Manitoba

Southwestern Manitoba walloped by latest spring storm

Parts of southwestern Manitoba have been hit hard by inclement weather once again, as the province deals with another Colorado low system that has knocked out power for thousands and closed sections of several highways.

'Winter can pretty much take a hike at this point,' Dauphin Mayor Christian Laughland says

Cindy Shaurette from Onanole, seen on Zoom on Sunday, said enough snow fell in that part of the province this weekend that she didn't think she'd be able to drive out of her yard. (Zoom)

Parts of southwestern Manitoba have been hit hard by inclement weather once again, as the province deals with another Colorado low system that has knocked out power for thousands and closed sections of several highways.

The snow, rain and winds this weekend come about a week after some of those same regions were walloped by southern Manitoba's recent spring snowstorm.

The small community of Onanole, which is about 220 kilometres northwest of Winnipeg near Riding Mountain National Park, got the most snow during that storm with an estimated 82 centimetres.

And on Sunday, the region was once again covered. Cindy Shaurette, who owns the Honeycomb Bed and Breakfast in the area, said even the snow right outside her front door must have been a foot and a half deep — and she wasn't even sure if it was done falling yet.

"It's hard to tell because the winds are so strong, it's blowing everything," she said. 

"I don't think we'd be able to drive out of our yard. I think the driveway is all drifted through."

Cindy Shaurette says the snow outside her front door near Onanole Sunday morning must have been a foot and a half deep. (Submitted by Cindy Shaurette)

More than a dozen highway closures were in effect Sunday due to "poor winter driving conditions."

Full details can be found on the Manitoba 511 website.

Power outages

Of the more than 800 power outages reported in the province as of Sunday afternoon, at least one-third were in the area around Riding Mountain National Park, Manitoba Hydro's website said.

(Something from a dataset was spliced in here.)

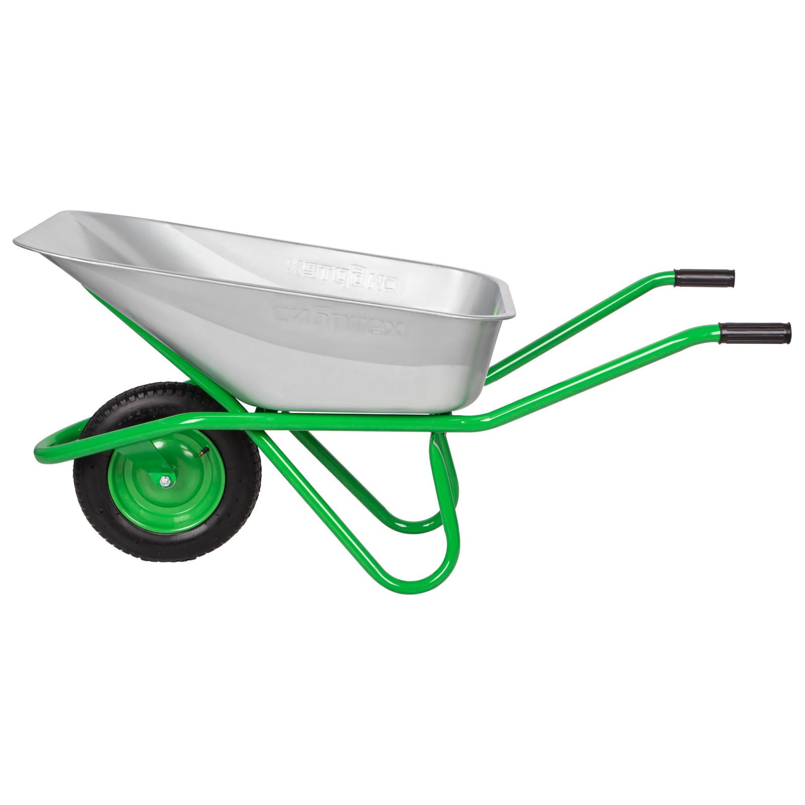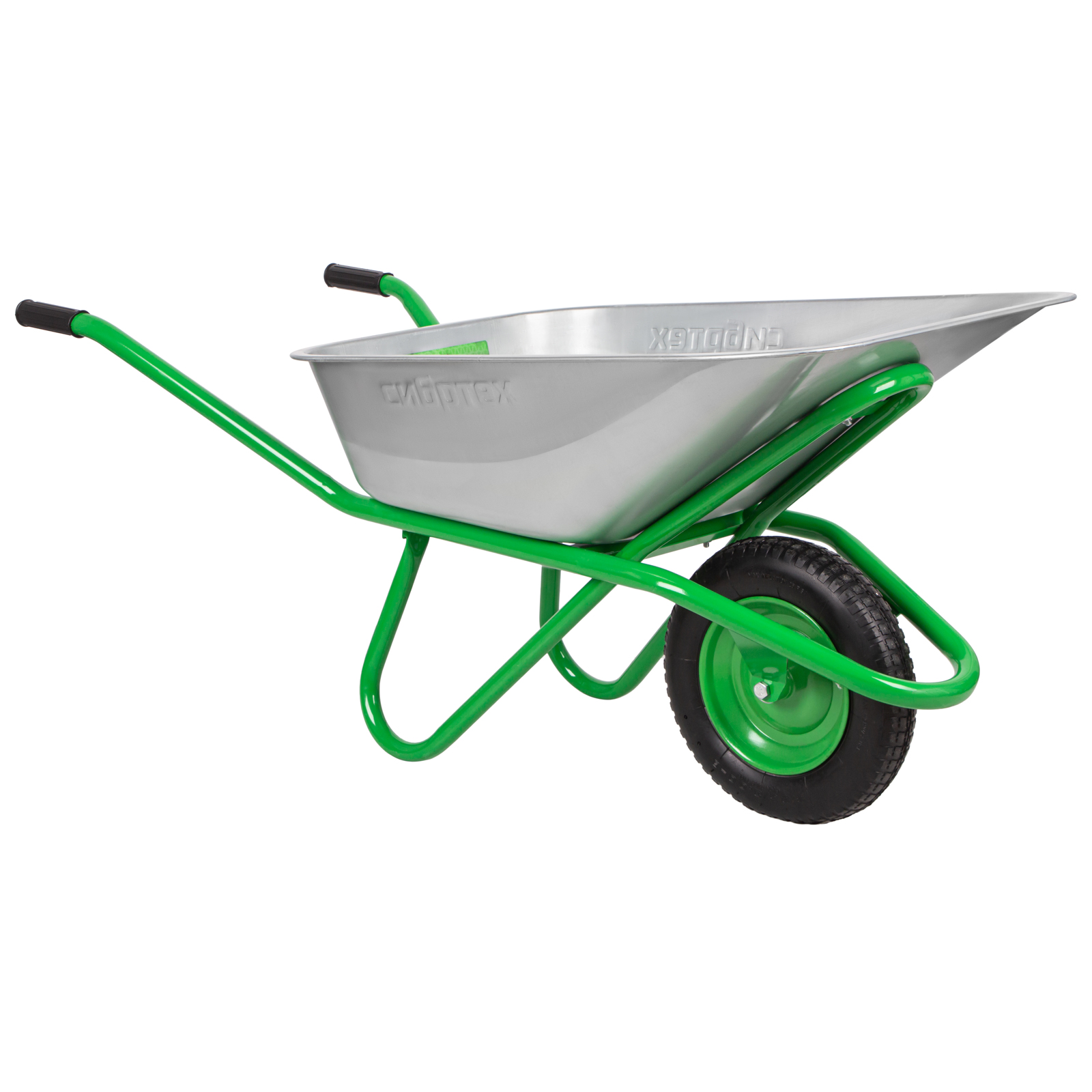 - Высокая грузоподъемность — переднюю часть кузова поддерживает дополнительная опора, поэтому тачка выдерживает вес до 170 кг.

Hydro spokesperson Bruce Owen said most of the roughly 15,000 people still without power later Sunday were in that part of the province.

And as temperatures began to drop, crews started encountering ice forming on power lines. That weighs them down, and when the wind starts to blow and swing the lines, that weight can lead to poles snapping, Owen said.

Difficult road conditions because of the weather are also slowing crews down as they work to restore power across Manitoba, he said.

Crews are working to get power back to as many people as possible by the end of the day, shifting workers from Winnipeg out to harder hit regions.

Even so, some people may end up having to wait until at least Monday to get their electricity back.

"We use the same roads as everybody," Owen said, which means hydro crews are also facing overland flooding, mucky gravel roads and water in ditches that anyone else trying to get around is seeing.

"So if we have a pole or a line that we have to get to and it's … near a ditch, we have to access it. We have the equipment to do that, but we need to get the equipment there to do it, and that takes time."

Owen also urged people to be prepared for the next storm in Manitoba by making sure they have an emergency kit ready.

Shaurette said she hadn't lost electricity yet, but she did lose something else — all the guests who had booked rooms in her bed and breakfast for the weekend.

"And they cancelled for next week, too, because they see there's more snow in store," she said.

"We're just all tired of the snow, and I'm ready for it to go. Obviously, May long weekend, we have a bunch of guests supposedly coming, but we'll see what happens. 

"Sometimes they wait to see what the weather's like. And as far as I can tell, they can just bring their ice fishing rods and they can go ice fishing on Clear Lake."

Residents cleaning up

In nearby Dauphin, Mayor Christian Laughland said the city is starting to clean up after a deluge of rain that was followed by a significant dump of heavy, wet snow.

But crews there are still having a tough time clearing roads — most streets have downed branches and a few trees have fallen — so he expects it'll take at least 12 hours before things are back to normal.

"It's tough for city crews to really move this kind of snow around … on the main roads. We don't want to clog up peoples' drains or driveways and stuff like that because of how heavy it is," he said.

In a tweet Sunday afternoon, Manitoba Hydro said customers without electricity in Dauphin may not have their power restored until Tuesday or Wednesday.

Despite the mess, Laughland said residents are in good spirits now that they've begun to shovel and blow the snow out.

"Dauphin's a really tight-knit community in that end, so I know there's people out there that'll be checking on elderly neighbours and stuff like that, and making sure they're OK," he said.

While the city will assess how the weekend's storm could affect future flood risks, he said everyone is pretty much on board with how they're feeling about the weather.

"I'm not too, too worried, it's just more of an inconvenient storm," he said. 

"I think I speak for the entire province when I say winter can pretty much take a hike at this point."